Pregnenolone, and related neurosteroids, may have antidepressant properties. Preclinical research proposes that microtubule associated protein 2 (MAP2) binding may be a mechanism for antidepressant properties of pregnenolone. Thus, MAP2 might be a novel target for antidepressant therapy. This clinical study is the first to examine serum MAP2 levels in people with bipolar depression and controls, and whether pregnenolone treatment is associated with a change in MAP2 levels.
Blood samples from a previously published clinical trial of pregnenolone for adult bipolar depression were analyzed at baseline and week 6 of treatment with pregnenolone or placebo for serum MAP2 levels using Western Blot. MAP2 levels from healthy controls were also obtained.
MAP2 levels in the bipolar depressed patients (n=11) tended to be higher than in controls (n=4) (p=0.062). MAP2 levels decreased non-significantly from baseline to week 6 in placebo (n=5) and pregnenolone-treated patients (n=6). MAP2 level changes correlated positively with change in self-reported depressive symptom scores in the pregnenolone group (r=0.771, p=0.072) but not in the placebo group (r=0.000, p=1.000).

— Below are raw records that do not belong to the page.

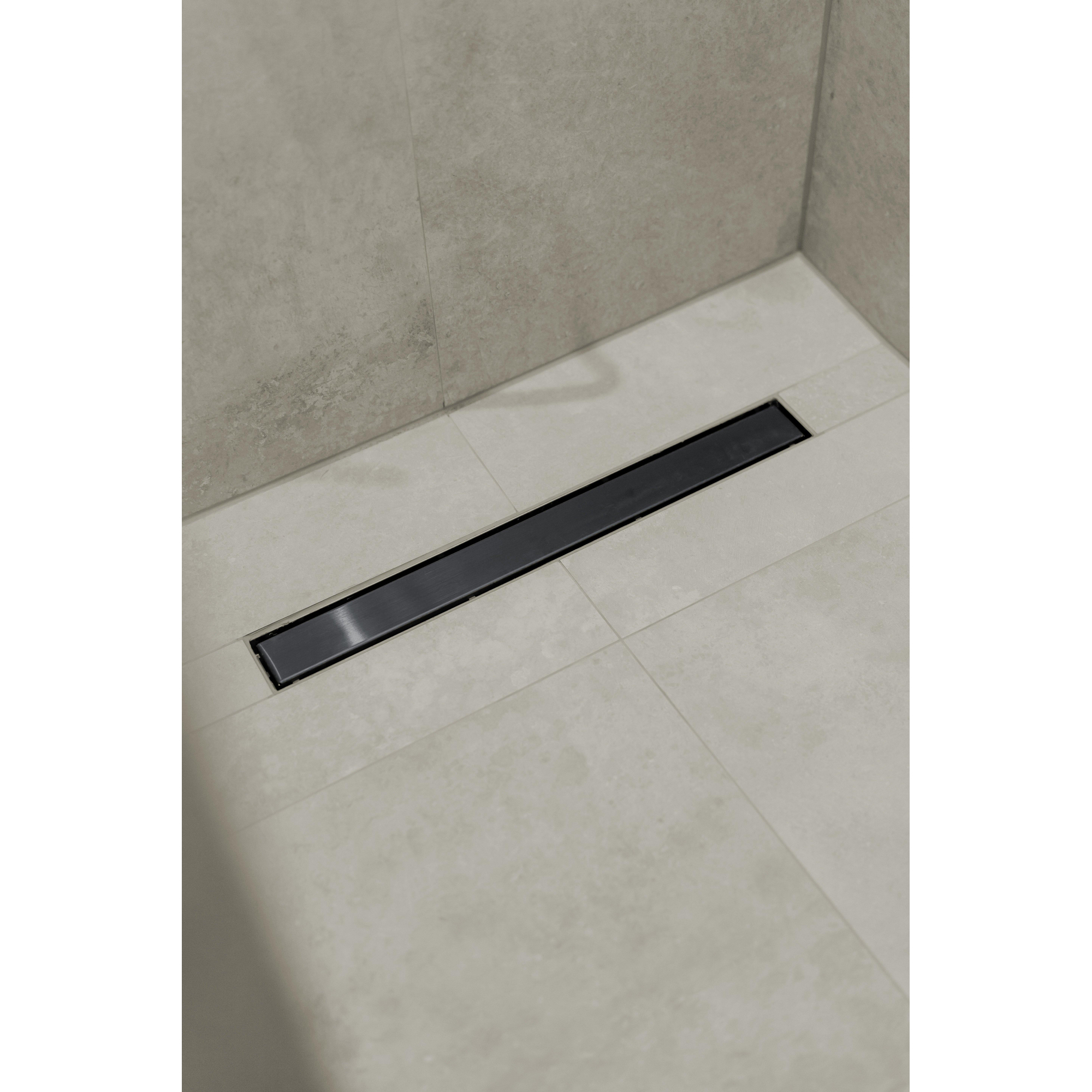 De Fortifura Galeria douchegoot straalt stijl en elegantie uit dankzij zijn slanke ontwerp en gunmetal afwerking. Het gesloten rooster zorgt voor een strakke uitstraling en voorkomt dat vuil en haren in de goot terechtkomen. Hierdoor blijft je douche niet alleen mooi, maar ook gemakkelijk schoon te houden. De vloerflens zorgt voor een naadloze integratie met de vloer, waardoor de goot een harmonieus geheel vormt met de rest van de badkamer.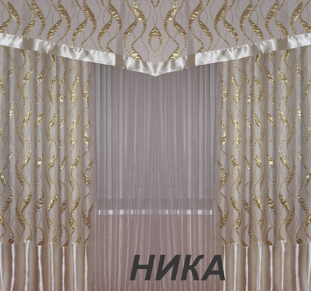 Комплект штор "Ника" изготавливается из плотной портьерной ткани с блестящим рисунком. Вставки из атласа по краю ламбрекена и низу штор удачно сочетаются с основной тканью. Строгий ламбрекен подойдёт для любого интерьера.
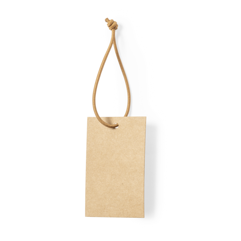 Etiqueta tipo hangtag de presentación, fabricada en cartón reciclado. De acabado kraft, con cuerda elástica para colgar en color marrón a juego. En línea con la tendencia del mercado hacia la sostenibilidad integral del regalo, ofreciendo soluciones de origen reciclado con el fin de ayudar a la mejora y conservación de nuestro planeta.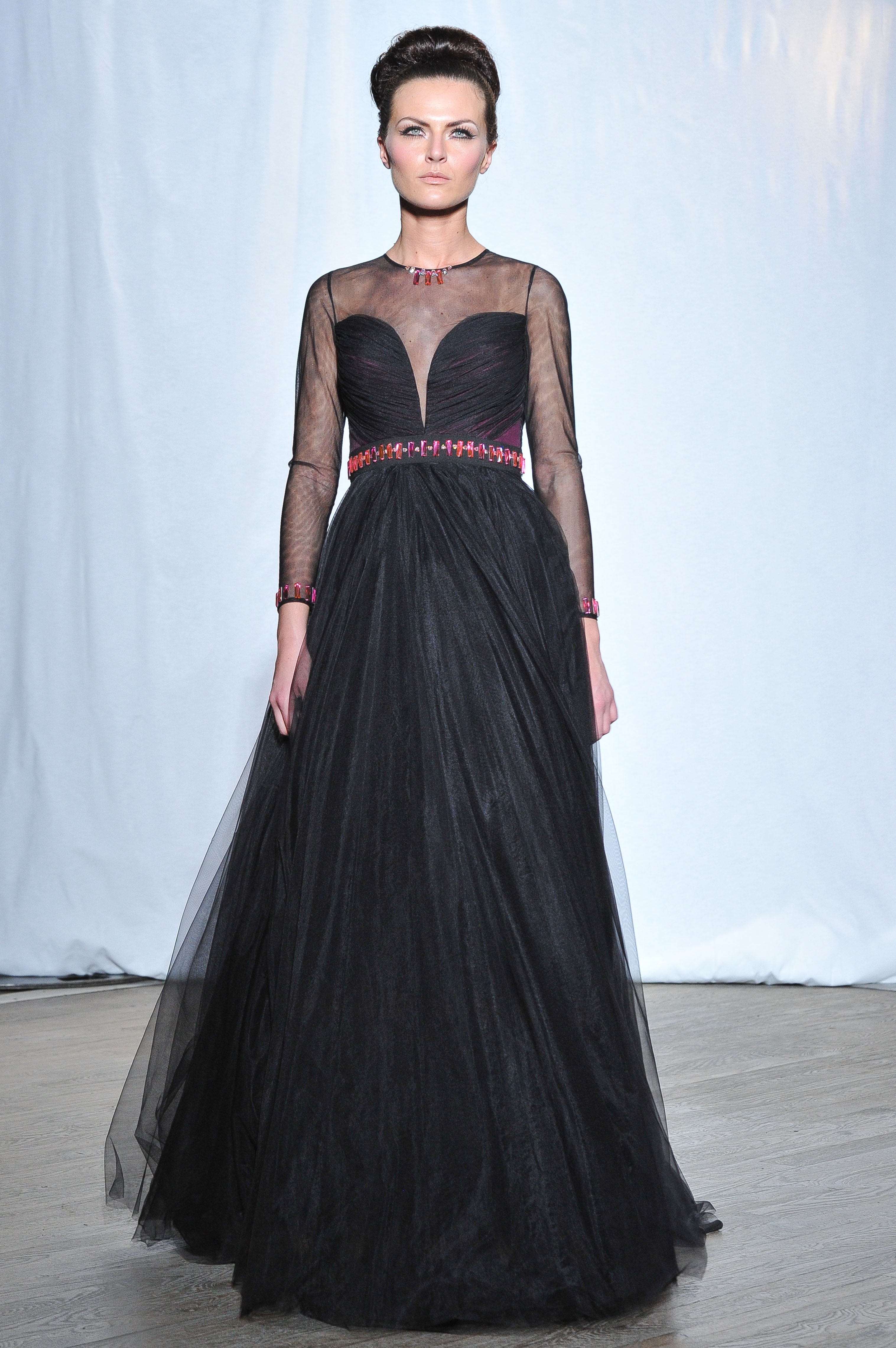 Maxi robe en tulle noir au buste fendu. Black maxi dress with sheer plunging neckline. Lucie. Christophe Guillarme Collection Automne-Hiver 2014-2015 "Miss Polly"

This study, exploring relationships between MAP-2 in humans with mood disorders, is limited by the small sample size. Thus, the findings must be viewed with great caution.
These findings suggest possible differences in serum MAP-2 levels between bipolar depressed persons and controls and a relationship between changes in depressive symptoms and MAP-2 levels during pregnenolone therapy. Findings suggest additional research is needed on MAP-2 in mood disorders.